Marc Lynch ha opportunamente paragonato la storia politica che si è svolta in Egitto negli ultimi due anni fino a Calvinball, un gioco interpretato da un personaggio dei fumetti che ha stabilito le regole man mano che procedeva.
Anche le strutture costituzionali che siamo abituati a considerare saldamente ancorate alle fondamenta possono in definitiva dipendere dal fatto che le persone abbiano inventato alcune regole man mano che andavano avanti. Consideriamo, ad esempio, la Costituzione degli Stati Uniti. Lo consideriamo il fondamento su cui poggia il nostro ordine politico, ma qual è la catena ultima di autorità su cui poggia la costituzione stessa?
Seguendo a ritroso quanto di più vicino a noi si avvicina a una tale catena, nei primi due anni dopo la guerra rivoluzionaria alcuni abitanti della Virginia, tra cui in particolare George Washington e James Madison, si preoccuparono dell’incapacità delle strutture politiche esistenti di promuovere il commercio che interessa più di uno Stato.
I Virginiani raggiunsero alcuni accordi con le controparti del Maryland riguardo al commercio nella loro parte della nuova nazione, ma si resero conto che l'ambito geografico avrebbe dovuto essere più ampio. Così l’Assemblea Generale della Virginia approvò una risoluzione nel 1786 proponendo un incontro di commissari di tutti gli stati “per considerare fino a che punto un sistema uniforme nelle loro regolamentazioni commerciali possa essere necessario al loro interesse comune e alla loro armonia permanente”.
Ciò portò alla Convenzione di Annapolis nel settembre dello stesso anno. Ad Annapolis erano rappresentati solo cinque stati, nemmeno la maggioranza.
Nonostante (e in un altro senso, a causa di) quella magra rappresentanza, i commissari di Annapolis non formularono alcuna raccomandazione costituzionale sostanziale, ma chiesero che un’altra convenzione si incontrasse il maggio successivo a Filadelfia e prendesse in considerazione non solo la regolamentazione del commercio ma qualsiasi “ulteriori disposizioni ” necessario “per rendere la costituzione del governo federale adeguata alle esigenze dell’Unione”.
Nel tentativo di giustificare questa espansione rispetto al loro mandato originario, i partecipanti ad Annapolis hanno sottolineato che il New Jersey aveva incaricato i suoi rappresentanti di considerare non solo le normative commerciali ma anche “altre questioni importanti”. Anche con quello sforzo di giustificazione, gli uomini di Annapolis sapevano che stavano esagerando nel fare la loro raccomandazione, per quanto riguardava la loro autorità formale. Nella loro relazione conclusiva hanno scritto:
“Se nell’esprimere questo desiderio, o nell’insinuare qualsiasi altro sentimento, i vostri Commissari dovessero sembrare oltrepassare gli stretti limiti del loro incarico, hanno piena fiducia che una condotta dettata dall’ansia per il benessere degli Stati Uniti non mancherà di ricevere una costruzione indulgente”.

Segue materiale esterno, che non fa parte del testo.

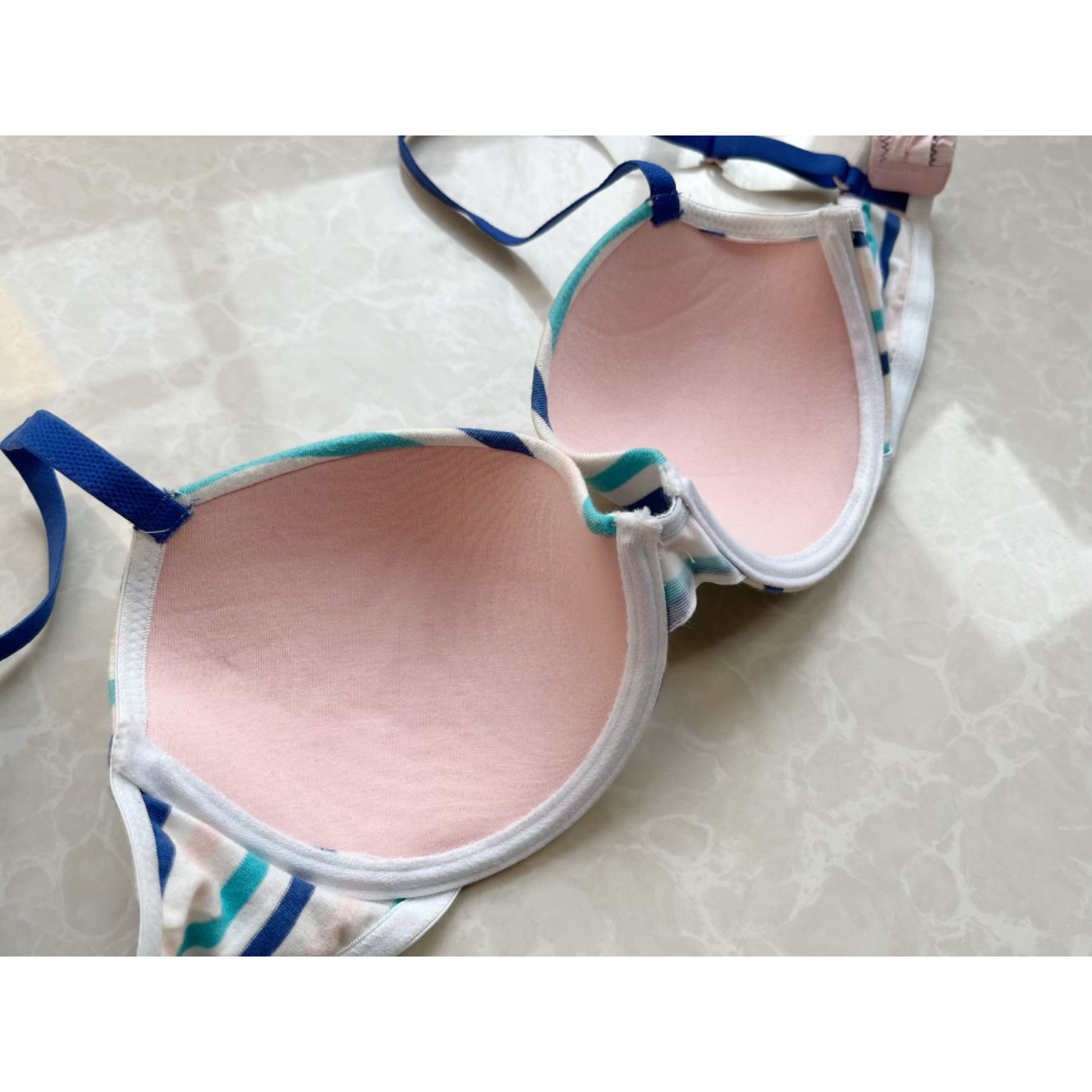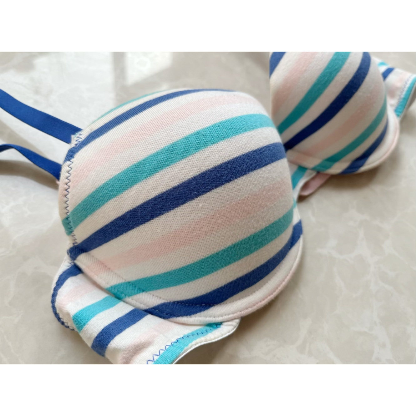 75B 薄罩杯钢圈文胸 捡漏 法国棉质舒适彩色条纹可爱小裙边内衣

La fragilità della catena di poteri che ha portato alla Costituzione degli Stati Uniti non è finita qui. La Convenzione Costituzionale di Filadelfia avrebbe dovuto proporre revisioni agli Articoli della Confederazione, che secondo i loro termini potevano essere modificati solo con l'accordo unanime degli Stati.
La risoluzione della Virginia e il rapporto della Convenzione di Annapolis menzionavano entrambi esplicitamente l'approvazione unanime necessaria per qualsiasi nuovo accordo. Gli autori della nuova Costituzione hanno tuttavia deciso da soli che sarebbe stata necessaria l'approvazione di soli nove Stati affinché il loro lavoro avesse effetto.
L’esperimento costituzionale americano ha messo radici non perché la nuova distribuzione dei poteri sia nata da un quadro di autorizzazione precedentemente stabilito. Ha messo radici in parte per pura necessità. Riuscì anche grazie ad una cultura politica lasciata in eredità dagli inglesi, il cui dominio era stato recentemente rovesciato.
I Padri Fondatori stabilivano regole man mano che procedevano, ma quelle regole e la loro attuazione si basavano su qualcosa di ancora più fondamentale: abitudini di tolleranza, accomodamento e rappresentanza che facevano parte di una cultura anglo-americana già ben consolidata.
Anche i creatori del nuovo Egitto dovranno necessariamente elaborare regole al volo. La legittimità che avrà la regolamentazione sarà basata su qualunque meccanismo di legittimazione ad hoc si renderà disponibile, come le elezioni presidenziali vinte da Morsi.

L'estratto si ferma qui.